Artist

Jorge Méndez Blake / Mexico


image of Jorge Méndez Blake

Mexico born 1974

Jorge Méndez Blake explores the connections between literature and fine arts in his installations and drawings. The neon work Complete poems, 2015, represents a collection of poetry, functioning both as a semiotic and material ‘sign’. As the artist explains: ‘I approach art as someone who is trying to write, but without writing. I make two- and three-dimensional objects that occupy the space between disciplines, where the margins of literature, art, and architecture overlap.’

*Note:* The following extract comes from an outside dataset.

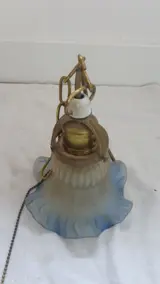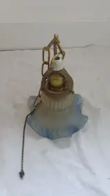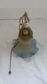 Oude plafonnière met een lichtblauwe glazen kap, waarschijnlijk van rond 1900
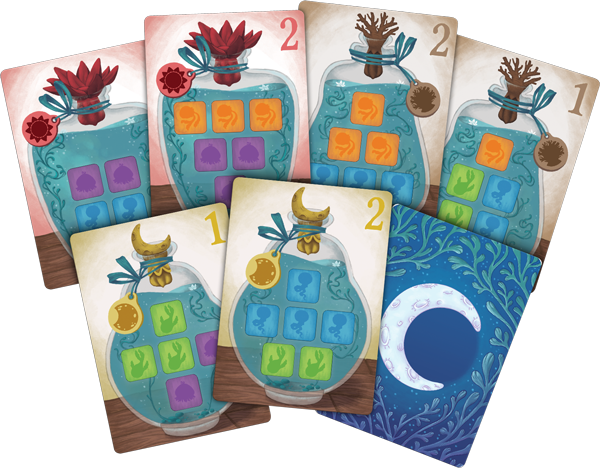 Les joueurs plongent à tour de rôle dans l'eau depuis le bord du rivage pour ramasser les dés de noctiluca du plateau et les garder en sécurité dans des pots jusqu'à ce qu'ils puissent les remettre aux guérisseurs.

His suite of drawings Bartlebooth monument, 2011–15, presents the conclusion to an unfinished fictional project described in the novel Life A User’s Manual (1978) by French writer Georges Perec. One of the protagonists is the millionaire Percival Bartlebooth, who embarks on a life-long project to produce 500 watercolours of ports and beaches during a twenty-year trip around the world. Once completed, Bartlebooth despatches each painting to a master craftsman in Paris to turn it into a jigsaw puzzle. After two decades Bartlebooth returns home and begins to assemble the jigsaws. Once completed, each work is sent back to the port where it was painted and soaked in a solution, whereupon the blank painting is returned to Bartlebooth, leaving no trace of his life’s work. Tragically, Bartlebooth dies while working on a jigsaw, having finished only 438 of the planned 500 puzzles. Méndez Blake’s piece presents the missing sixty-two drawings of ports and beaches, which are in the process of fading into nothingness.

BIO

Since 2000 Méndez Blake has taken part in numerous individual and group exhibitions in Guadalajara, Monterrey, Madrid, Montreal, Paris, New York City, Osaka and Oxfordshire. He has received various awards and grants in his native Mexico and has undertaken residencies in Spain, the United States, Italy and the United Kingdom.

Supported by the 2015 NGV Curatorial Tour donors.